Now, the real fun begins! The first drain plug is at the back of the oil pan, behind the cross member and in front of the axle. Get your oil pan up as close as you can to it and still have room to work, it's gonna be a flood! Wrap some foil around the cross member to "try" to keep it clean. Loosen the plug with the 10mm allen, you'll have enough room to stick the short end in and plenty of leverage on the long end to turn it. It won't take too many turns until it comes out, and the oil won't begin trickling as it gets closer - the plug will simply come to the end of the threads and come out, and it is about a half-dollar size opening, so the oil will come fast and furious! After that gusher stops, look up a little further back, and you'll see another silvery plug right before where the engine/tranny junction is. There isn't enough room to put the short end of the 10mm allen in, so you'll have to stick in the long end and that doesn't give a lot of leverage, so you may need to use the 10mm open-end on the allen to give you leverage. At least, that's what I did. Same procedure, same quick dump, only about a quart comes out this time.
Replace the washers on each main drain plug, you may need the little screwdriver again to work the old ones off, just be gentle so you don't score anything. Replace the drain plugs until good and snug. My rule of torque is to run it in till the threads strip, then back it off a half turn







.
Before replacing the belly pans, fill the engine with oil, I put in about 8.5 qt even though VW "claims" the V8 takes 7.9. Of course, that info wasn't in the owner's manual, which just said about the V8 capacity "Information not available at press time." Huh?
Run the motor and look under the treg to make sure there are no leaks at anything you took off.
Replace the pans in reverse order. It's a little tricky getting the front pan to line up just right up in the wheel well, you may have to remove the 2 25 torx screws at each wheel well to get those "flaps" out of the way, then it slides right in.
Stay tuned for my next installment: Rebuilding your engine during halftime of the Super Bowl!


----------



## ButteBeautie (Aug 16, 2003)

*Re: V8 DIY Oil Change (liv2ryd)*

liv2ryd:
You are a VERY entertaining writer ... enjoyed that more than anything from the moto-scribes of the 3 major mags have done ... can't wait for the "SuperBowl Overhaul."
You are SO entertaining, I will almost INSIST you consider joining our "2004 Summer Colorado Rockies Rally" ... I still have you on the "mail list" ... and as soon as you get the wheel/tires you seek, you should be ready (assuming the "she who must be obeyed" can no longer object ... or can she?)
Shoot me your home phone via email and we'll give you a call when we pass through enroute to CB late next week ... or ... meet me at the Bronco's concession stand during half-time against the Browns ... and I'll buy you a watery Coores!

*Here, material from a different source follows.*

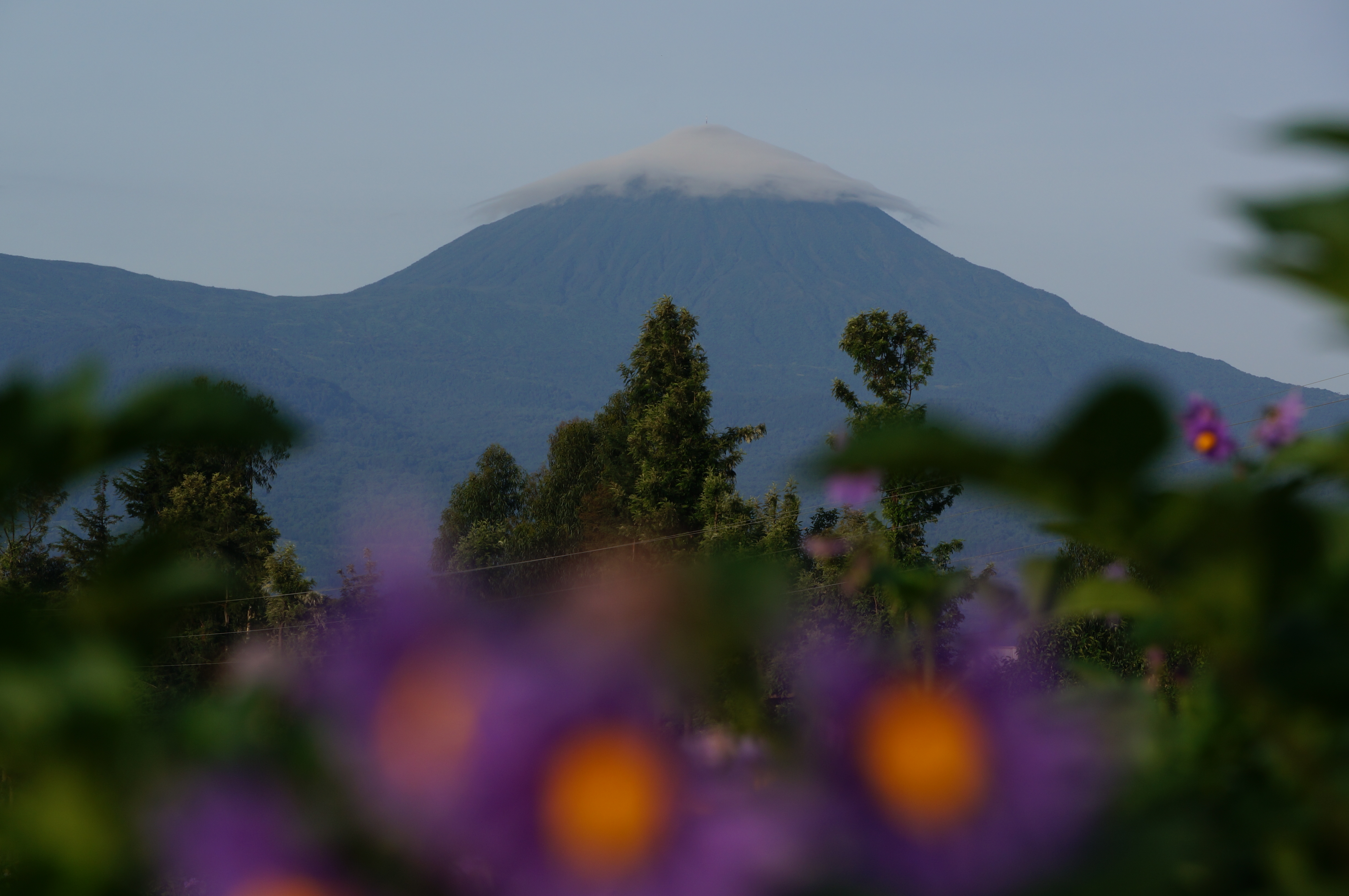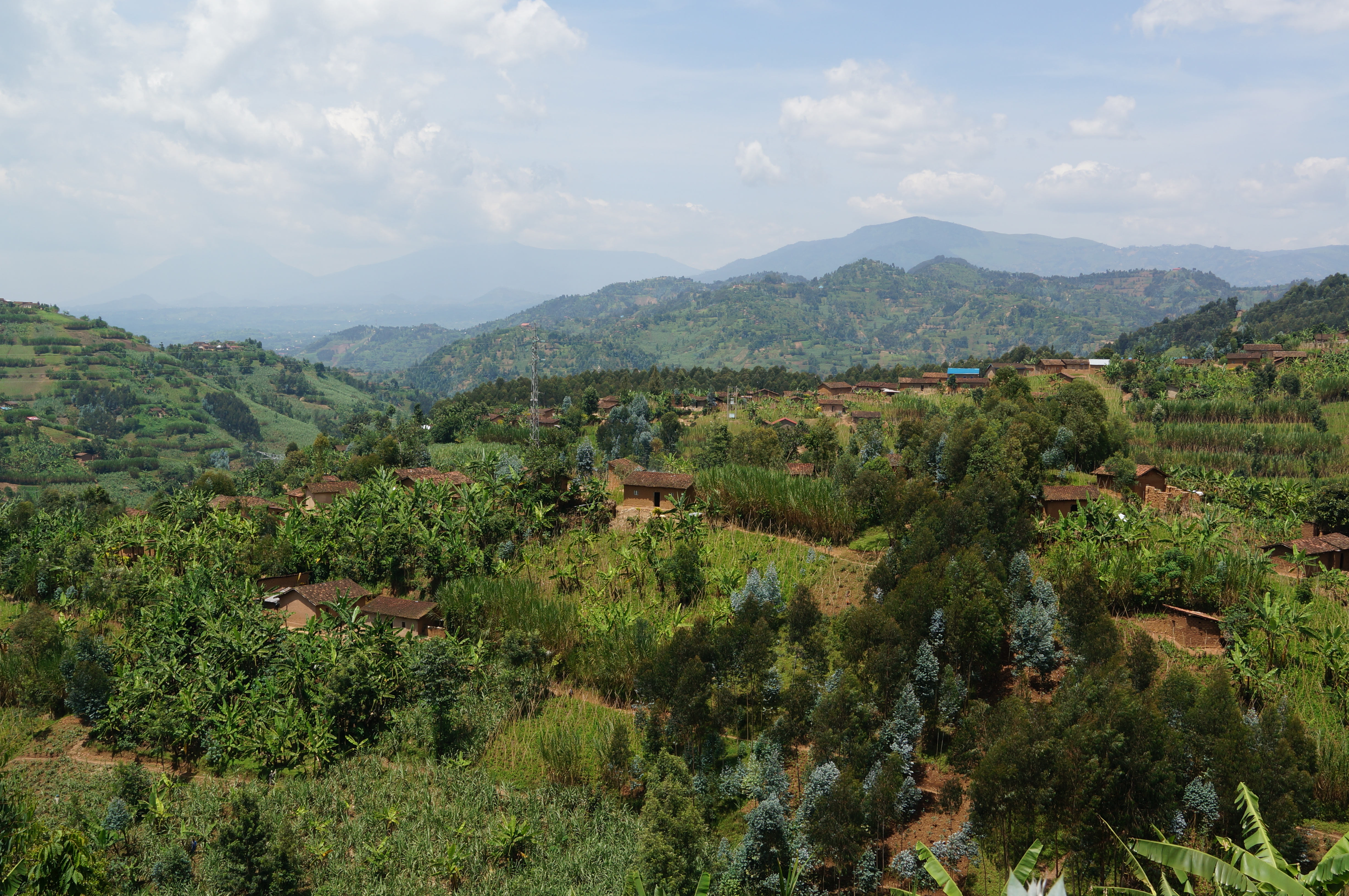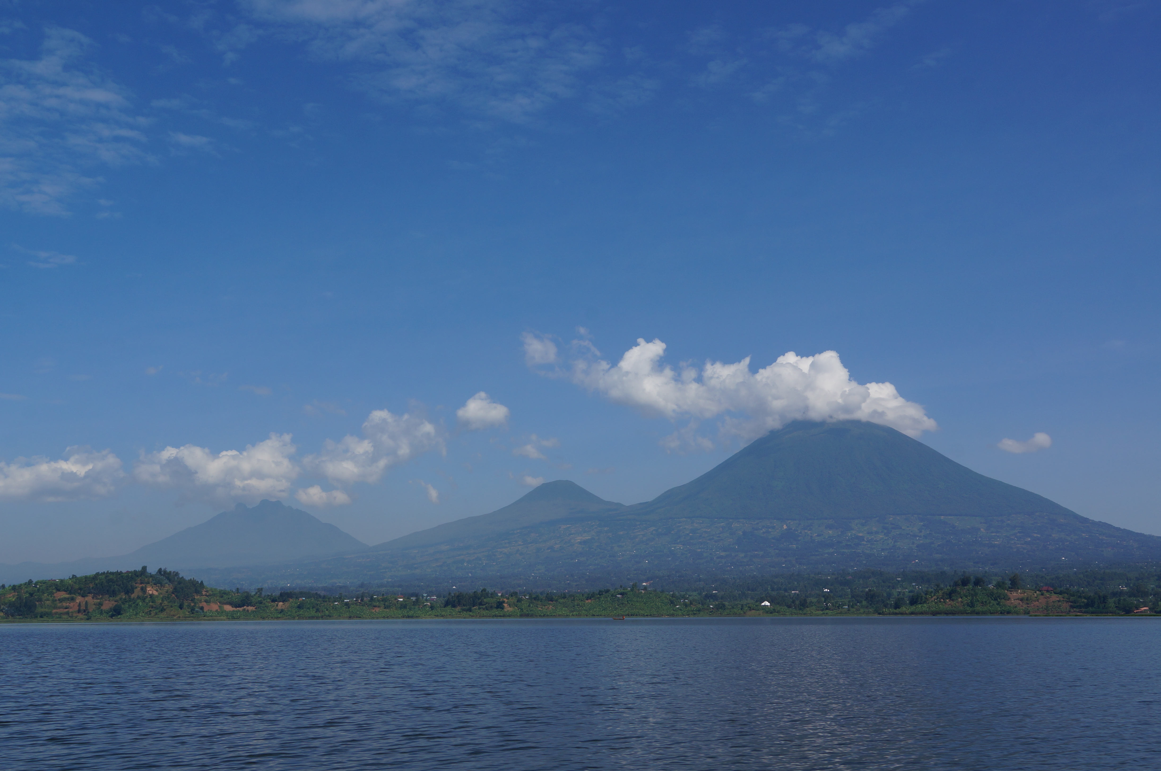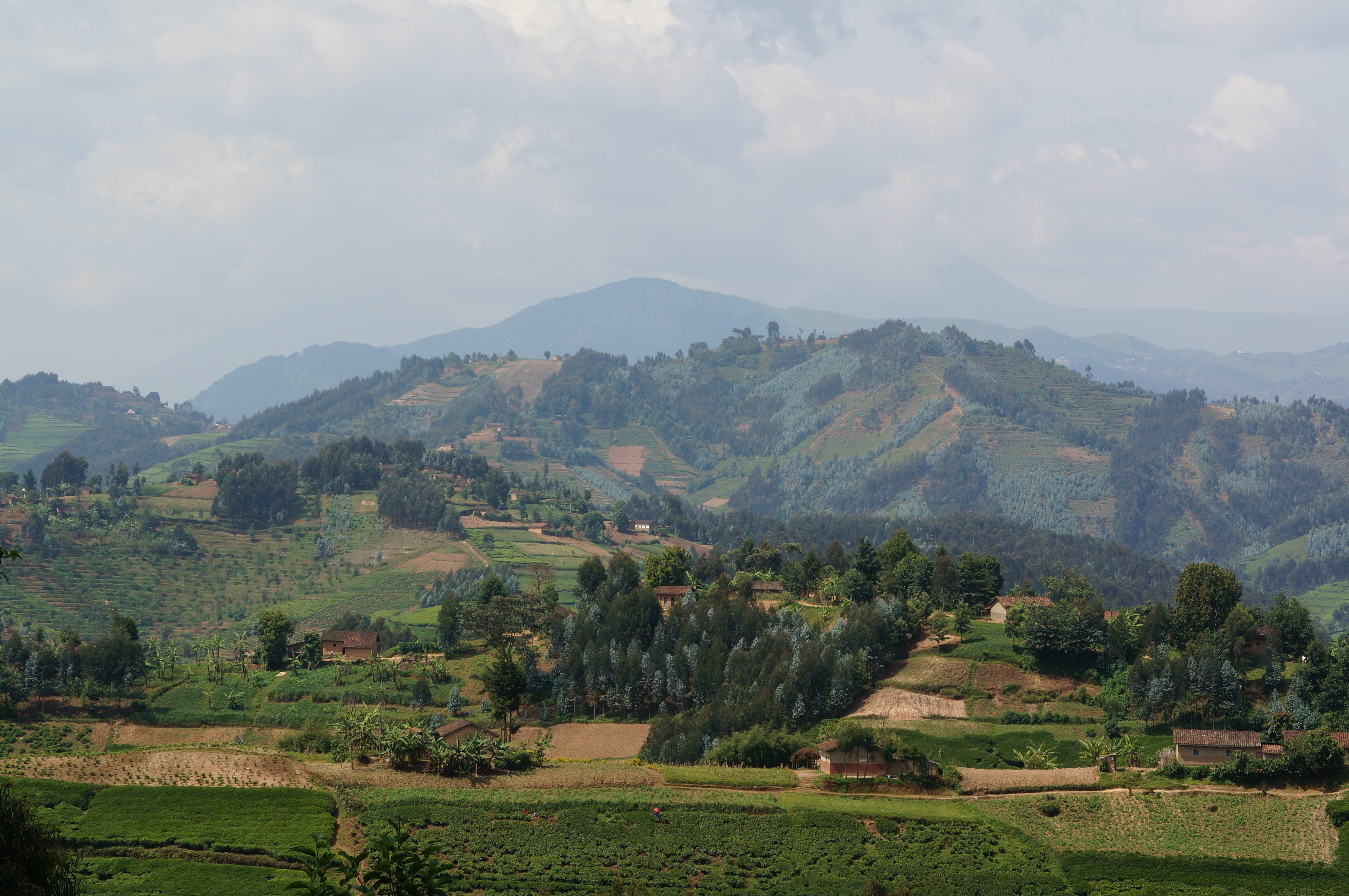 We reizen verder naar het meest noordwestelijke puntje van Rwanda. Hier domineren een stuk of acht vulkanen, die verspreid liggen over het grensgebied met Uganda en Congo, het landschap. Achter elke struik, achter elke bocht lijkt weer een nieuwe vulkaan op te duiken. We hobbelen over rotsige en modderige weggetjes aan de voet van de vulkanen door dit indrukwekkende decor. Het blijft bijzonder om dorpjes te passeren waar mensen ons aankijken alsof we uit de hemel zijn komen vallen. De enige auto die we tegenkomen is een andere Land Cruiser. De bestuurder probeert wat ruimte te maken zodat we hem kunnen passeren op het smalle weggetje, maar de auto belandt met twee wielen in de greppel. We zijn de beroerdste niet en trekken hem er weer uit met een sleepkabel, onder grote belangstelling en met hulp van voorbijgangers die vervolgens bij ons en de bestuurder van de andere auto om geld vragen omdat ze ons hebben geholpen.
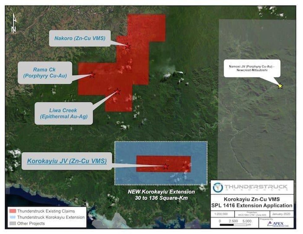 The Korokayiu tenement features approximately 15 kilometres of prospective geologic strike length, including eight additional, underexplored zinc-copper VMS prospects (see Thunderstruck News Release August 19, 2019). The results of 2019 geologic mapping and prospect assessment indicate that the geologic horizon and volcanic stratigraphy hosting the Korokayiu VMS mineralization and other high-priority prospects may extend outside the current landholdings. VMS deposits worldwide commonly occur in clusters within districts, with one or two large deposits and many smaller deposits/prospects.1 The move to expand the Korokayiu landholdings will allow the JV to capitalize on the potential for additional VMS discoveries.

PS TO OTHER MEMBERS: We still have a few openings for a "few strong men" next summer on the "Alpine Loop" in Colorado's San Juans ... feel free to email me: "[email protected]"


----------



## PabloP (Nov 24, 2003)

*Re: V8 DIY Oil Change (liv2ryd)*

Very nice read. Enjoyed it immensely. I'll remember why when I fork over $120 or so for an oil change at the dealer.


----------



## Eric Dow (Mar 4, 1999)

*Re: V8 DIY Oil Change (silverandteak)*

Agreed. I felt like I was reading the origional 'Idiot's guide to VW Rabit Repair'. The one with the rabbit completely torn down on the cover







I'd LOVE to meet you guys at the Colorado Rallye








As for the filter, its a requirement in Germany I heard. I think ALL Vw's and Audi's are destined for the paper type filters. They are really cool on the TDI's. The top spins off and you can change it without a drop of oil anywhrere. 
They have to be able to completely recycle not only the oil, but have to have a plan on what to do with the filters too. Guess what VW choose to do?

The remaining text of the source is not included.